## EXERCISE PROMPT
Each record below must come back exactly as written; its pictures must not.
═══ STORED DATA
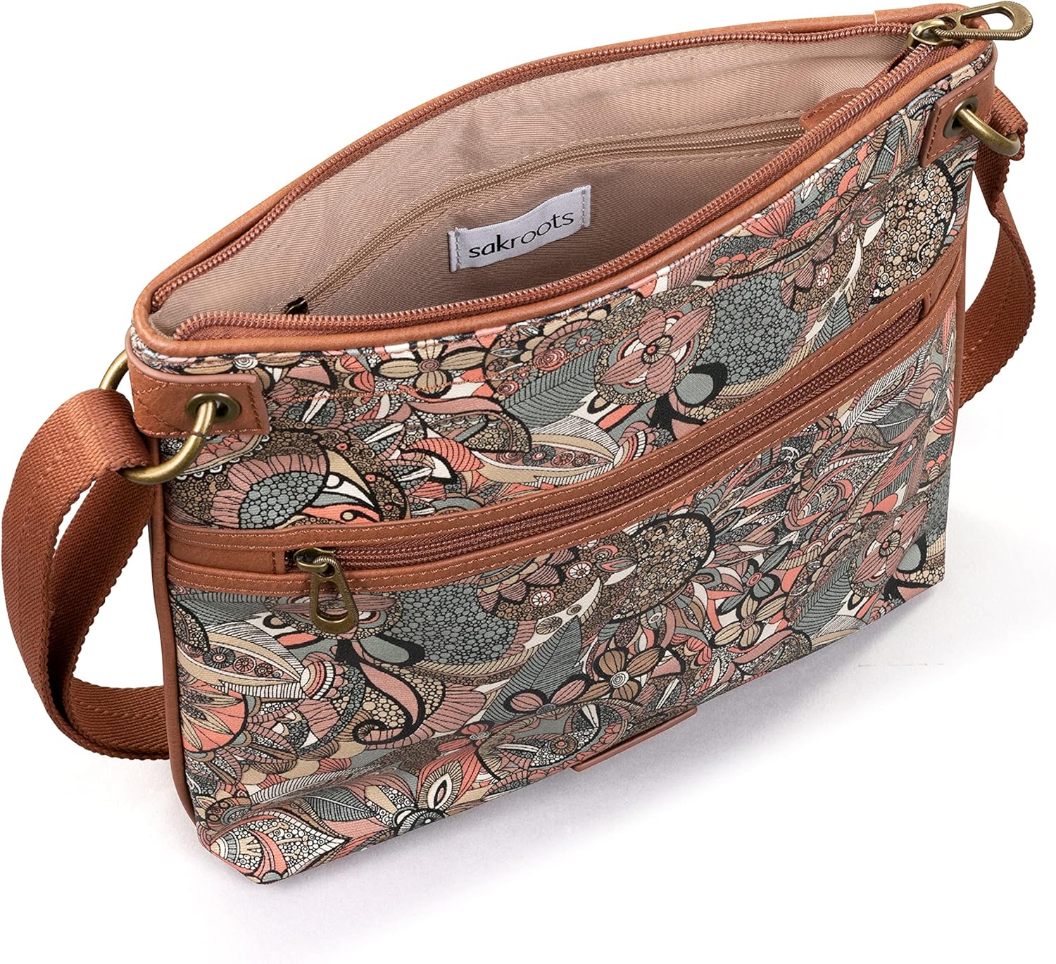 The Sakroots Artist Circle Flat Crossbody brings funtion and fun prints together. Perfect for on-the-go.
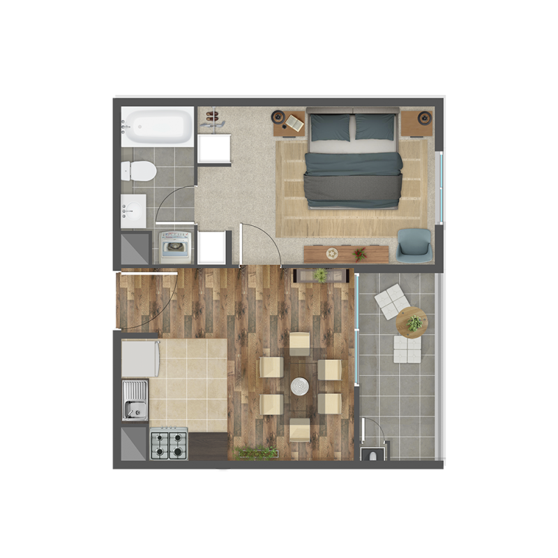 1 Dorm. 1 baño
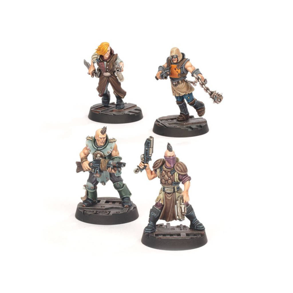 Cette boîte vous permet d'assembler 4 figurines plastique à ajouter à votre gang d'Outcasts ou de Maison, avec un large éventail d'options de personnalisation, dont 10 armes et 8 têtes différentes.
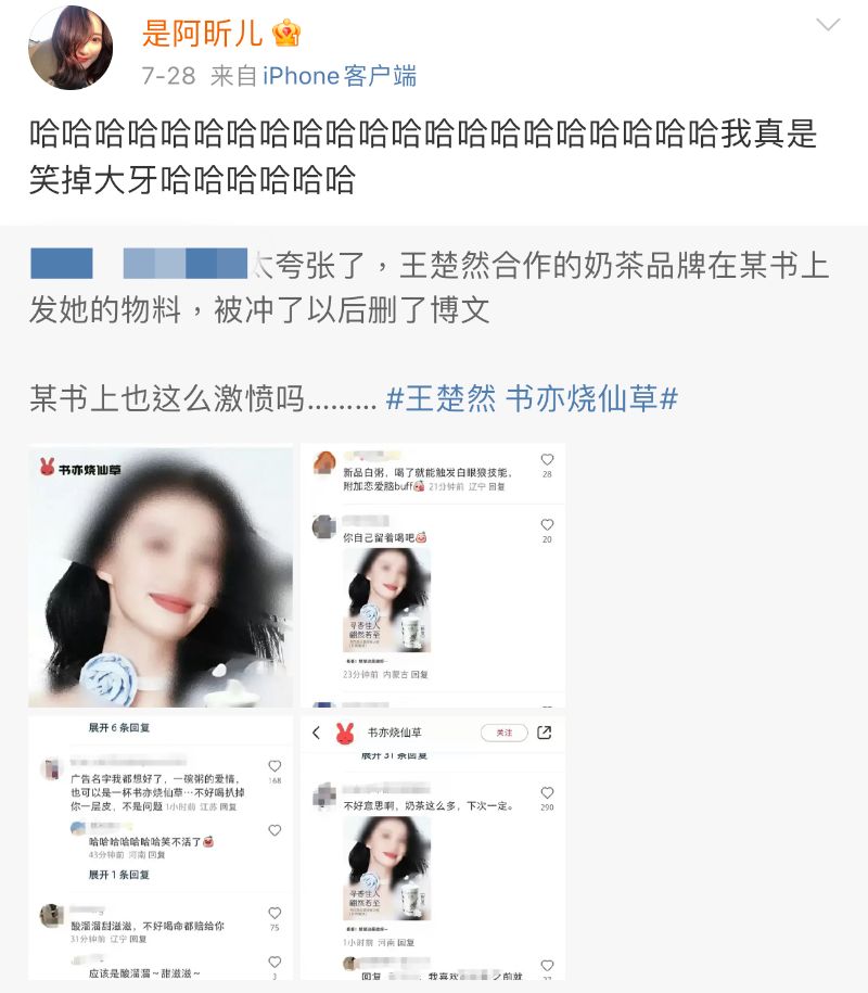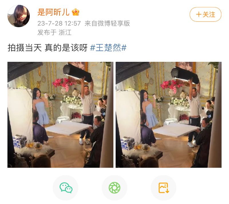 並在7月28日奶茶品牌預熱廣告圖發出之後,發出了拍攝廣告當天的圖,直接標註了王楚然,並表示:「真的是該呀!」
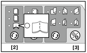 ポストインサーター操作パネルのステープルモード選択キー[2]を押して、中とじモードのランプを点灯させます。
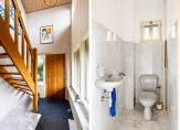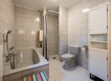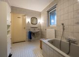 Gelijkvloers wonen is mogelijk dankzij de slaapkamer en badkamer op de begane grond. In de ruime tweepersoonskamer ligt, net als in de woonkamer en keuken, een mooie houtlook pvc-vloer. De badkamer, origineel uit de jaren ’80, is ingedeeld met een ligbad, aparte douche, toilet en een wastafel.
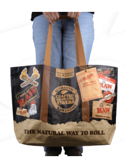 Ideal para llevar tus esenciales al trabajo, la playa o tus sesiones de relax, la RAW Tote Bag ofrece amplio espacio interior sin sacrificar ligereza. Su acabado negro con el logo RAW refleja la autenticidad de la marca y su compromiso con un estilo de vida natural y sin artificios.
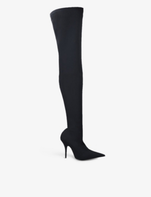 BALENCIAGA Knife thigh high stretch knit heeled boots
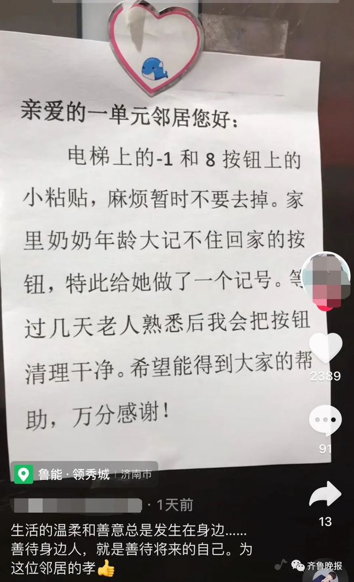 社会 | 小区电梯按键被贴“奇怪”贴纸?网友却说:留着吧,挺好
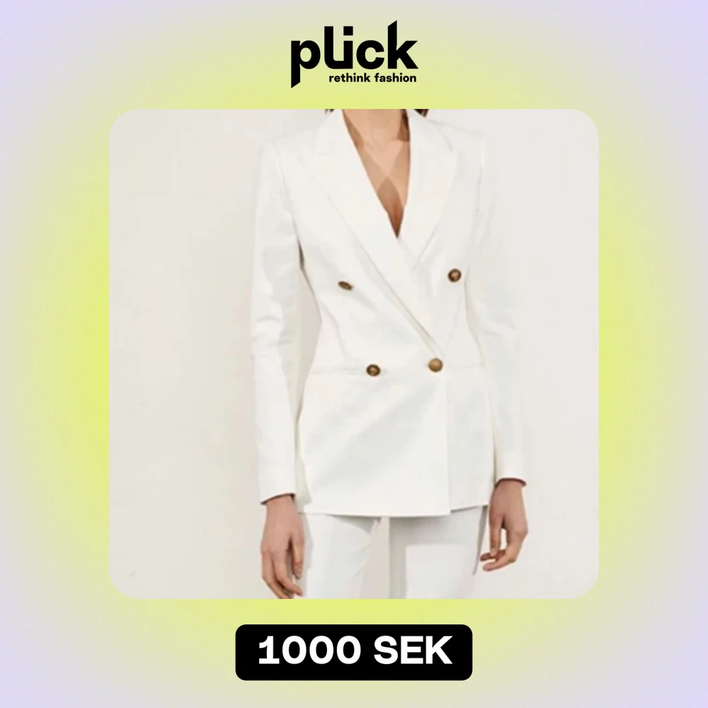 vita kavaj och byxa set är helt nytt och i storlek M för kavajen och L för byxan. Kavajen ger en elegant touch medan byxan ger bekvämlighet. Den perfekta kombinationen för en stilfull och bekväm look. #student
══════
## RESULT
 The Sakroots Artist Circle Flat Crossbody brings funtion and fun prints together. Perfect for on-the-go.
 1 Dorm. 1 baño
 Cette boîte vous permet d'assembler 4 figurines plastique à ajouter à votre gang d'Outcasts ou de Maison, avec un large éventail d'options de personnalisation, dont 10 armes et 8 têtes différentes.
 並在7月28日奶茶品牌預熱廣告圖發出之後,發出了拍攝廣告當天的圖,直接標註了王楚然,並表示:「真的是該呀!」
 ポストインサーター操作パネルのステープルモード選択キー[2]を押して、中とじモードのランプを点灯させます。
 Gelijkvloers wonen is mogelijk dankzij de slaapkamer en badkamer op de begane grond. In de ruime tweepersoonskamer ligt, net als in de woonkamer en keuken, een mooie houtlook pvc-vloer. De badkamer, origineel uit de jaren ’80, is ingedeeld met een ligbad, aparte douche, toilet en een wastafel.
 Ideal para llevar tus esenciales al trabajo, la playa o tus sesiones de relax, la RAW Tote Bag ofrece amplio espacio interior sin sacrificar ligereza. Su acabado negro con el logo RAW refleja la autenticidad de la marca y su compromiso con un estilo de vida natural y sin artificios.
 BALENCIAGA Knife thigh high stretch knit heeled boots
 社会 | 小区电梯按键被贴“奇怪”贴纸?网友却说:留着吧,挺好
 vita kavaj och byxa set är helt nytt och i storlek M för kavajen och L för byxan. Kavajen ger en elegant touch medan byxan ger bekvämlighet. Den perfekta kombinationen för en stilfull och bekväm look. #student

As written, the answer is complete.